Problem details: Leave out the images and return all the data word for word.

Dataset extract:
☆ ☆ ☆ ☆ ☆ ☆ ☆
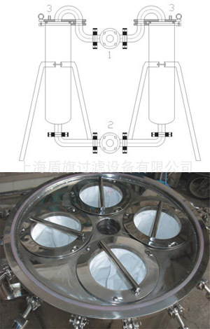 篮和过滤袋。要过滤的液体从被支撑网篮支撑的过滤袋顶部流入,这使得液体在整个过滤表面均匀分布,以便整个过滤介质中流动分布是一致的
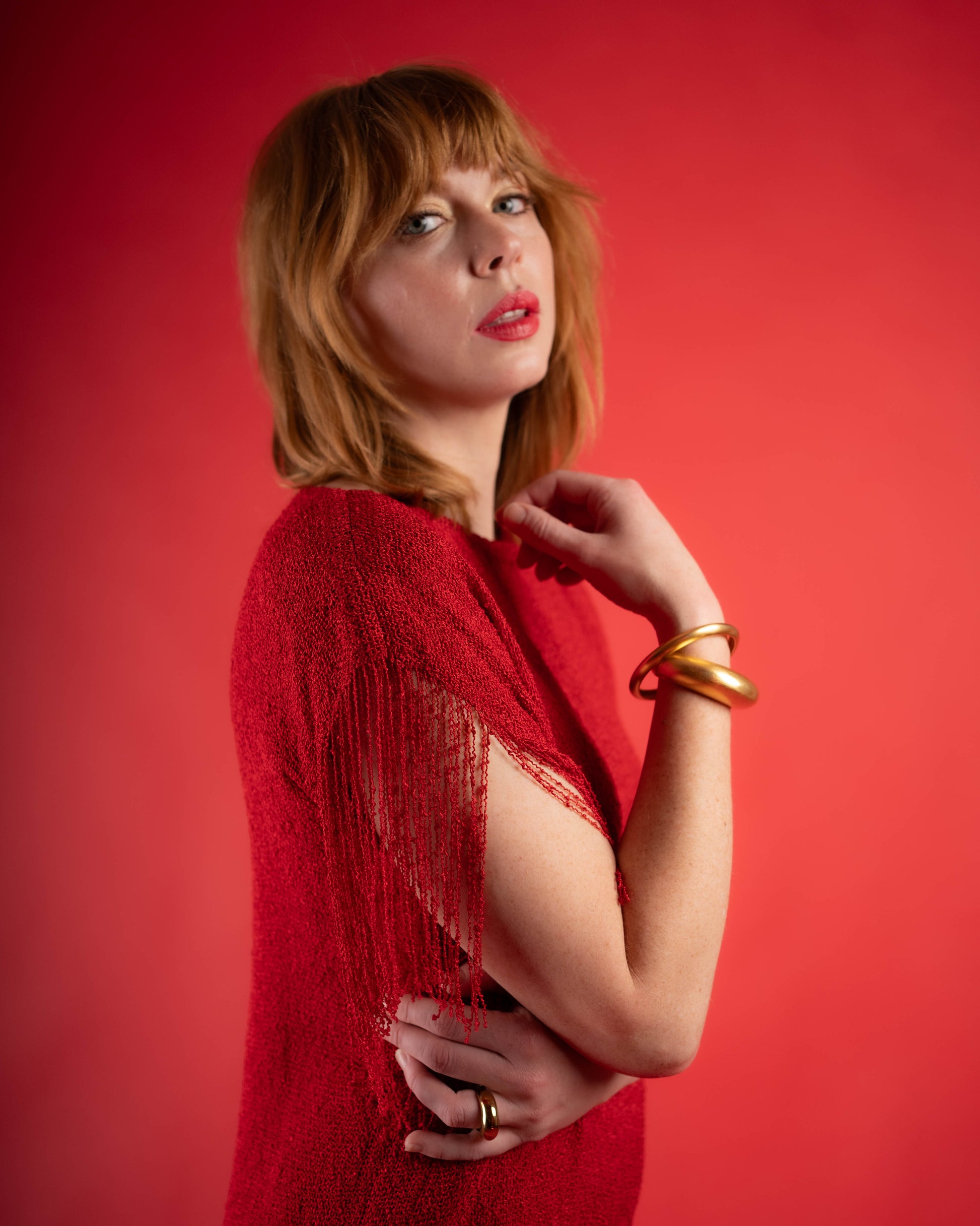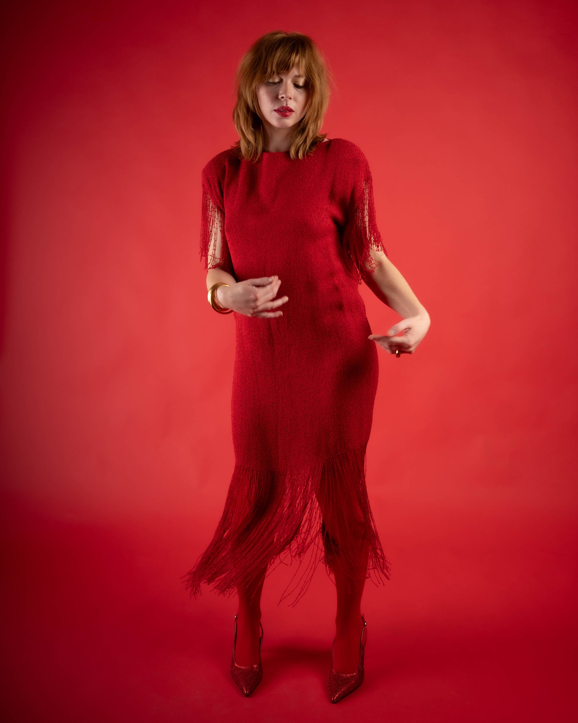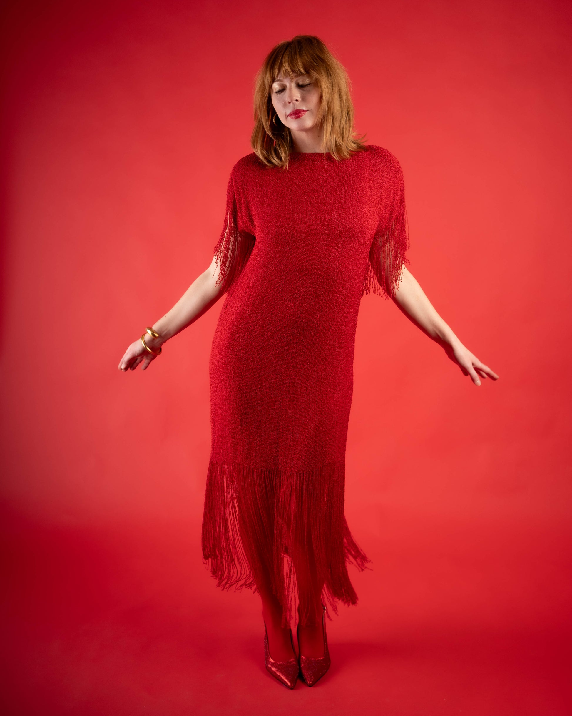 Panache red knit fringe dress
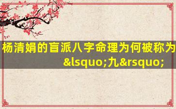 关于“杨清娟的盲派八字命理被称为‘九’”的说法,目前公开的命理学术资料和杨清娟本人的著作中并未明确提及这一称谓的起源或具体含义。不过,结合盲派命理的传统和数字在命理学中的象征意义,可以尝试从以下几个方面推测其可能的缘由:
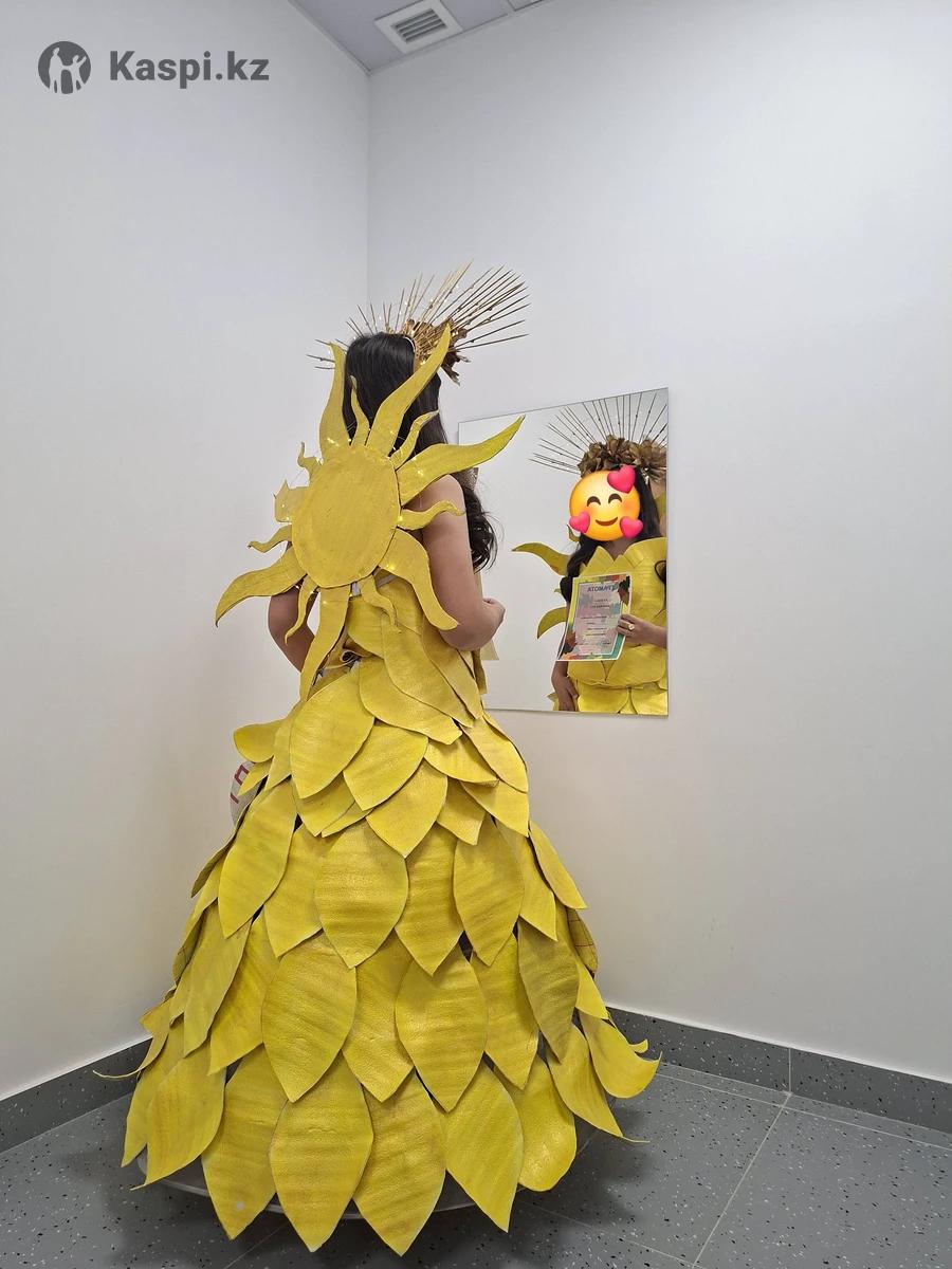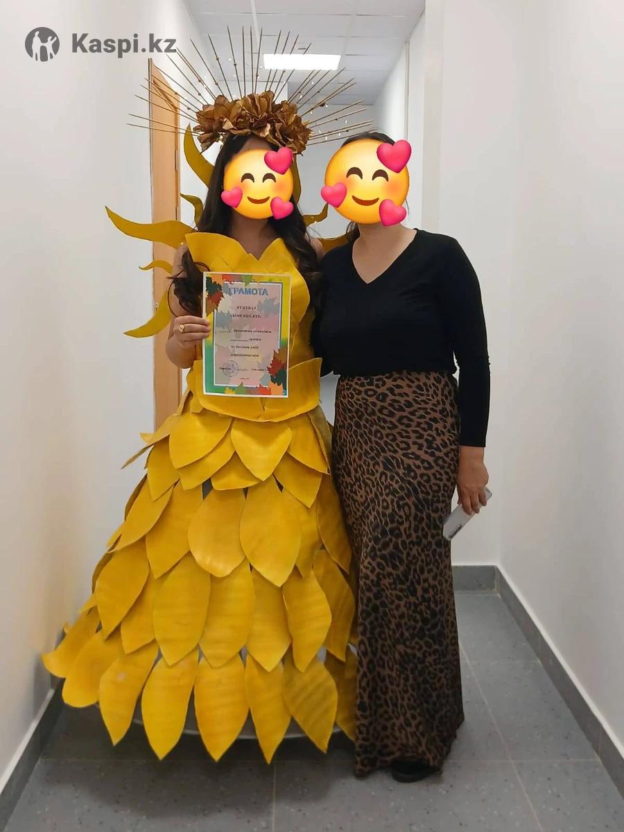 Продам платье изготовленное своими руками из фольгированной подложки, подъюбник на кольцах, верх отдельно. К костюму прилагается солнце на подсветке и корона также на подсветке. Платье победитель на осеннем балу. Есть еще и плащ накидка с капюшоном из искусственных листьев.
☆ ☆ ☆ ☆ ☆ ☆ ☆
Written answer:
 篮和过滤袋。要过滤的液体从被支撑网篮支撑的过滤袋顶部流入,这使得液体在整个过滤表面均匀分布,以便整个过滤介质中流动分布是一致的
 Panache red knit fringe dress
 关于“杨清娟的盲派八字命理被称为‘九’”的说法,目前公开的命理学术资料和杨清娟本人的著作中并未明确提及这一称谓的起源或具体含义。不过,结合盲派命理的传统和数字在命理学中的象征意义,可以尝试从以下几个方面推测其可能的缘由:
 Продам платье изготовленное своими руками из фольгированной подложки, подъюбник на кольцах, верх отдельно. К костюму прилагается солнце на подсветке и корона также на подсветке. Платье победитель на осеннем балу. Есть еще и плащ накидка с капюшоном из искусственных листьев.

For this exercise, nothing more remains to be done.